MT method and PCA use Normal Distribution as background. Sometimes, it could be the difficulty to use these methods.
There is Kernel PCA that use Kernel Method to improve the difficulty.
If we use Kernel PCA to make data of MT method, it is similar to One-Class SVM . Kernel Principal Component MT has similar difficulty of One-Class SVM.
library(kernlab) # Pre-install of "kernlab" is needed
setwd("C:/Rtest")
Data10 <- read.table("Data1.csv", header=T, sep=",")
Data20 <- read.table("Data2.csv", header=T, sep=",")

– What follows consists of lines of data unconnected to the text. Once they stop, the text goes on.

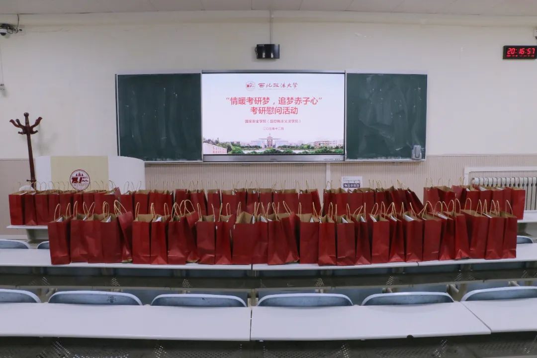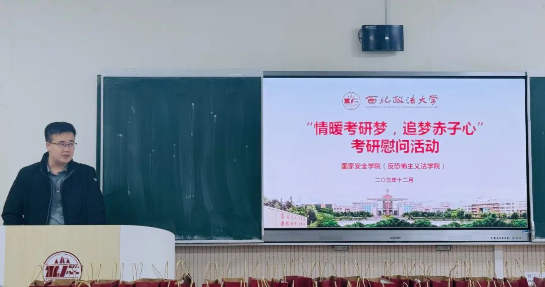 为增强各位考研学子信心,表达学院关怀,缓解学生备考压力,帮助同学们更好地备战2024年全国硕士研究生统一招生考试,追影猫 (反恐怖主义法学院)于12月19日在天平楼A107教室召开考研慰问活动,并发放慰问礼品,为考研学生送去温暖与关切。本次活动由辅导员王真老师主持,学院党委副书记、副院长刘卫波老师、辅导员张婕妮老师及全体考研同学参加。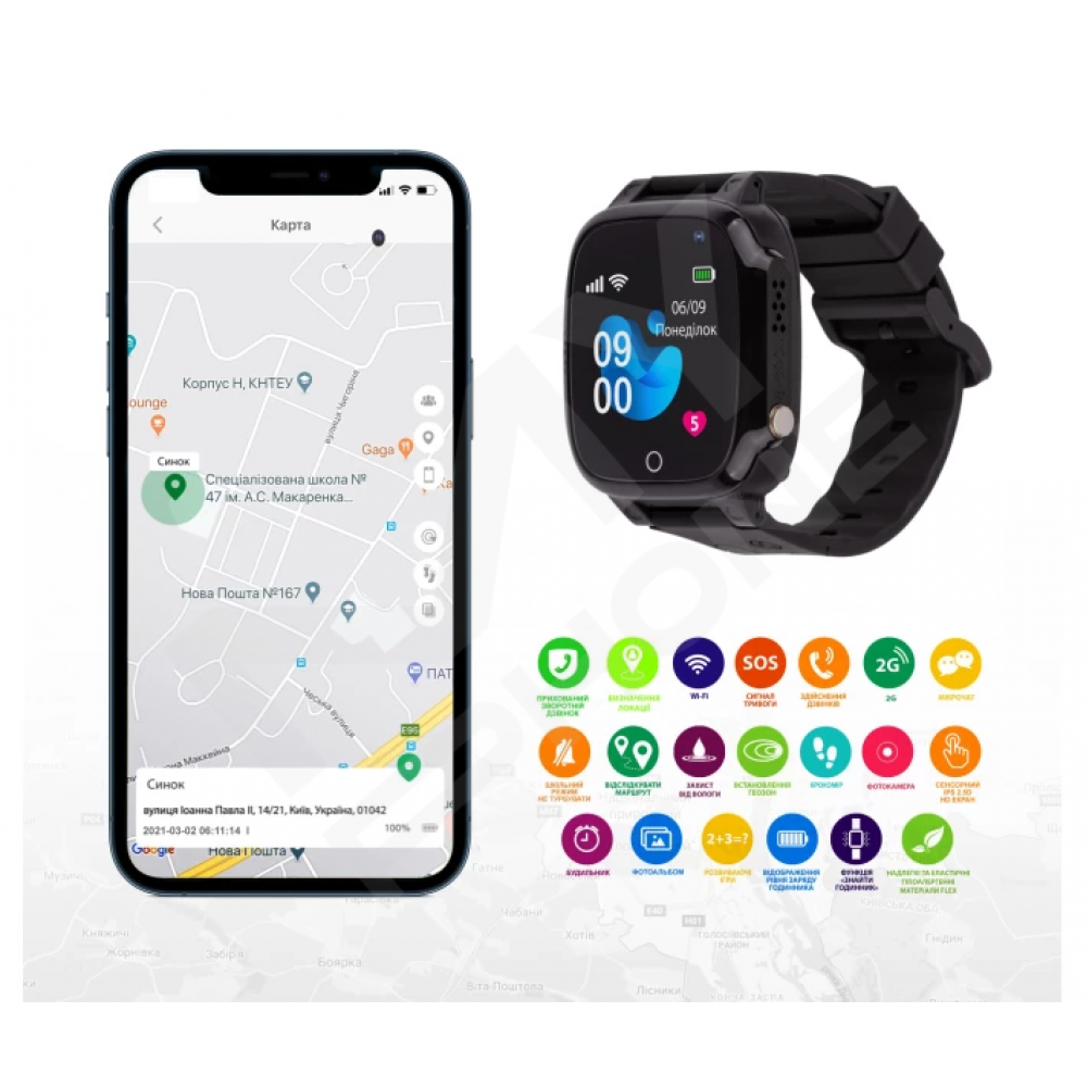 Смарт-годинник для дітей AmiGo GO008 MILKY GPS WIFI Black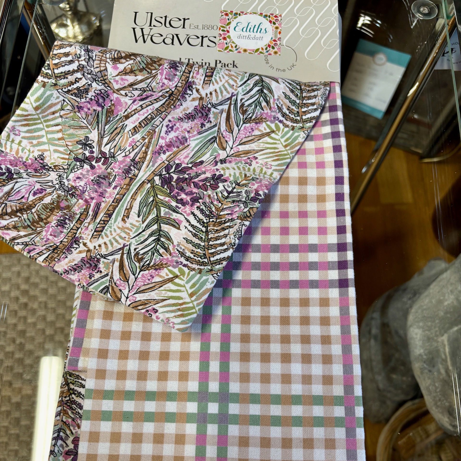 Irske Ulsters Weavers har produsert dette settet med to bomullshåndklær til kjøkkenet. Det ene er rutet, det andre er blader og grener - alt i lilla-tone. God kvalitet - i kjent Ulsters Weavers-stil :-)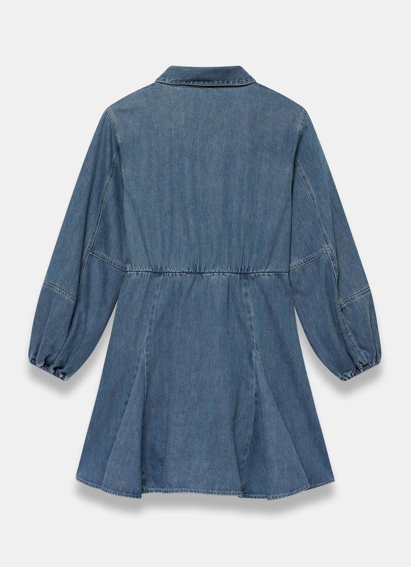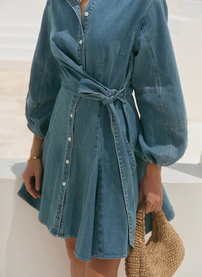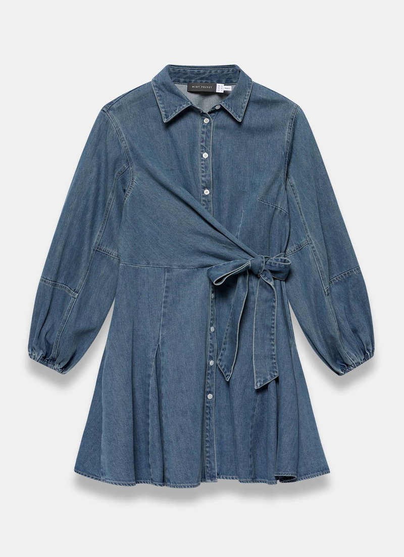 Mid indigo denim shirt dress in a mini silhouette featuring a classic collar, long blouson sleeves, elasticated cuffs, wrap tie feature at the waistband, godet hemline and a button fastening through the front.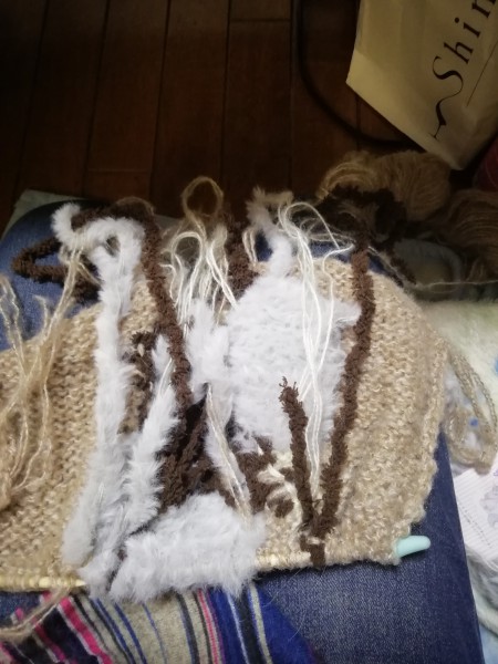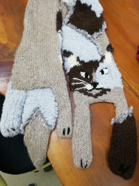 | 知人に頼まれて編んだ過去の作品です。 猫の目とひげは刺繍です。 手足は別に編んでメリヤスはぎしています。 筒状なので、糸始末が楽で、基本的にはメリヤス編みなのでサクサク編めます。 ちょうど良い太さの針がなく(10号、12号は有りましたが。)、ふと思い付き某コンビニで貰った箸を計ったら11号だったので、先を削って頭にゴムキャップを付けて全て箸で編みました。 今もこの箸は道具箱に入っています。 受け取った知人はとても喜んでくれたのですが、コンビニの箸で編んだとは言えませんでした。 糸はほとんど100均で揃えました。 |

Data1 <- as.matrix(Data10)
Data2 <- as.matrix(Data20)
pc <- kpca(Data1,kernel="rbfdot", features=10,kpar=list(sigma=0.1)) # Kernel PCMT using 10 principal components
pc1 <- predict(pc, Data1)
pc2 <- predict(pc, Data2)
n <- nrow(pc1)
Ave1 <- colMeans(pc1)
Var1 <- var(pc1)*(n-1)/n
k <- ncol(pc1)
MD1 <- mahalanobis(pc1, Ave1, Var1)/k
MD2 <- mahalanobis(pc2, Ave1, Var1)/k
write.csv(MD1, file = "MD1.csv")
write.csv(MD2, file = "MD2.csv")
R-EDA1 can also use the kernel principal component MT method. You can select four kernel functions.
When using kernel principal component analysis, it seems that the graph shown below is often obtained.

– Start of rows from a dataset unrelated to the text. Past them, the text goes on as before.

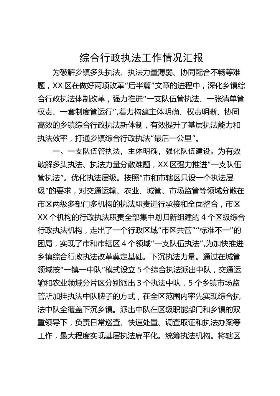 綜合行政執(zhí)法工作情況匯報為破解鄉(xiāng)鎮(zhèn)多頭執(zhí)法、執(zhí)法力量薄弱、協(xié)同配合不暢等難題,XX“”區(qū)在做好兩項改革后半篇文章的進程中,深化鄉(xiāng)鎮(zhèn)綜“合行政執(zhí)法體制改革,強力推進一支隊伍管執(zhí)法、一張清單管”權(quán)責、一套制度管運行,著力構(gòu)建主體明確、權(quán)責明晰、協(xié)同高效的鄉(xiāng)鎮(zhèn)綜合行政執(zhí)法新體制,有效提升了基層執(zhí)法能力和“”執(zhí)法效率,打通鄉(xiāng)鎮(zhèn)綜合行政執(zhí)法最后一公里。一、一支隊伍管執(zhí)法,主體明確,強化隊伍建設(shè)。為有效破解多頭執(zhí)法、執(zhí)法力量分散難題,XX“區(qū)強力推進一支隊伍”“管執(zhí)法。優(yōu)化執(zhí)法層級。按照市和市轄區(qū)只設(shè)一個執(zhí)法層”級的要求,對交通運輸、農(nóng)業(yè)、...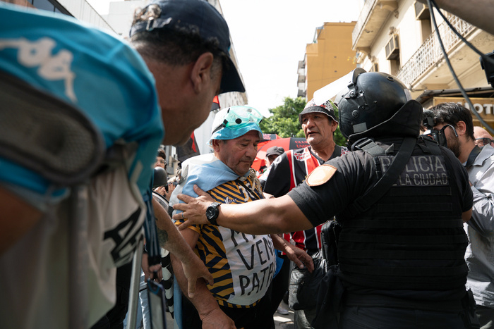 “Me agarraron y me tiraron como un misil. Volé como un misil: cabeza para adelante y las piernas estiradas. Hay muchos compañeros que vieron como caí. Los voy a denunciar porque se les veía la cara”, contó Contreras a la salida del Hospital Ramos Mejía, a donde fue trasladado. El hombre de 74 años, que vive en Avellaneda y todas las semanas va a la plaza con una whipala (la bandera de los pueblos originarios) en los hombros. “Me dijeron acá, en el hospital, que me tienen que operar, tengo una fractura. En la forma que hoy me tiraron demuestra que es ensañamiento lo que tienen con nosotros”, agregó.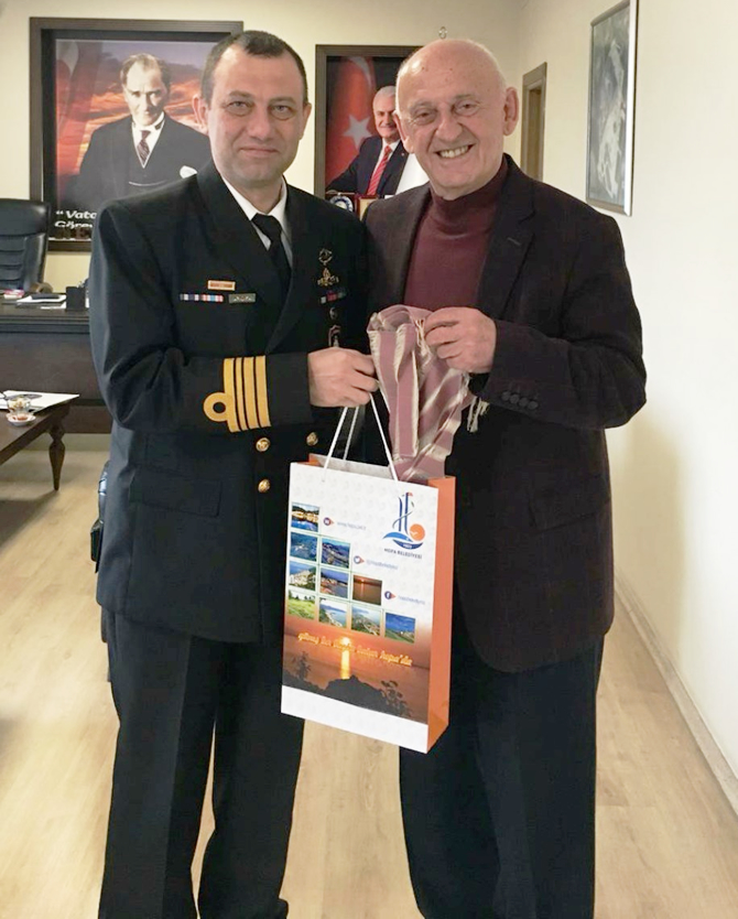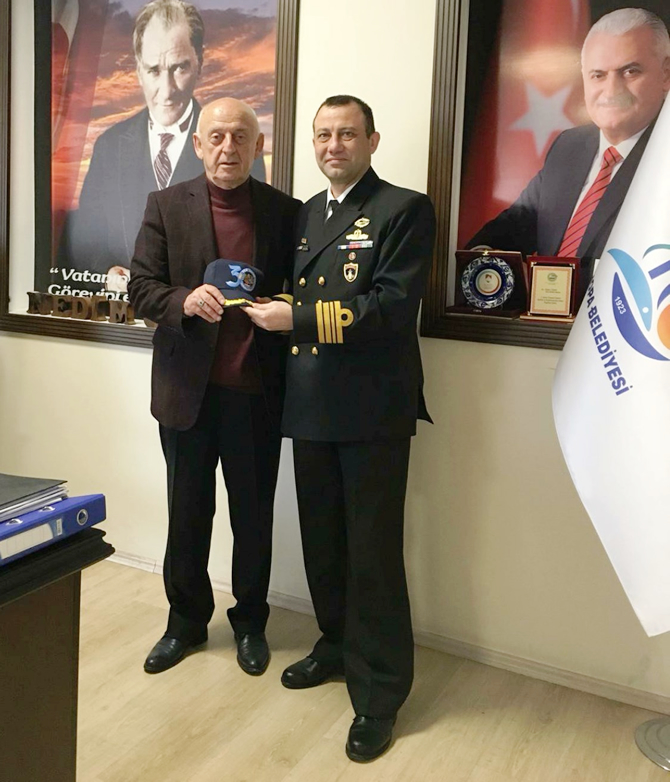 TCG YAVUZ F-240 Savaş Gemisi Komutanı Deniz Yarbay Timuçin Halil Yıldıran ve heyeti Hopa Belediye Başkanı Nedim Cihan’ı makamında ziyaret etti.

The Mahalanobis distance in the unit space (labeled "0" in the graph) is almost 1. In the MT method, the value obtained by dividing the Mahalanobis distance by the number of dimensions is called the "Mahalanobis distance", so it is as expected that the average will be 1. It is good that the average is 1, but the variability is very small.

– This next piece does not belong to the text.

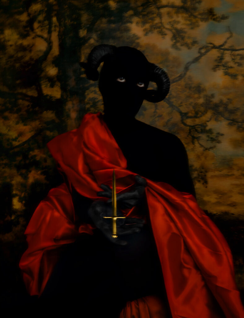 At the center of this image is a silhouetted figure against a sepia forest background with branching trees. The figure appears ram-like with curved horns on its head, rendered in deep black with only the eyes visible as bright white points looking upward. The figure is draped in flowing red fabric that creates dramatic folds and shadows across the torso.

Another feature of the kernel principal component MT method is that the Mahalanobis distance in the signal space (labeled "1" in the graph) is less than 1 in all samples, depending on how the kernel is selected. Depending on how the parameters are selected, all may be almost 0. In most cases, the value is larger than 1 when the normal MT method is used, but the appearance of the data is reversed.
The author himself has not been able to confirm the mathematical principle of kernel principal component analysis properly, but considering what is happening, if rbfdot is used as the kernel, the training data will be placed on the spherical surface of the multidimensional hypersphere. It seems that a model will be created. Since they are all on a sphere, the distance from the center (average value) of the data seems to be the same and 1.
If you put data with different values ??from the training data for such a model, they seem to be calculated inside the nsphere. If you make a model well, it seems that all the data that deviates from the training data will be calculated so that it is placed at the origin of 0 distance.
If the Mahalanobis distance is close to 1, it is almost the same as the training data, and if it is slightly different, it becomes 0, which may be a convenient property in some cases.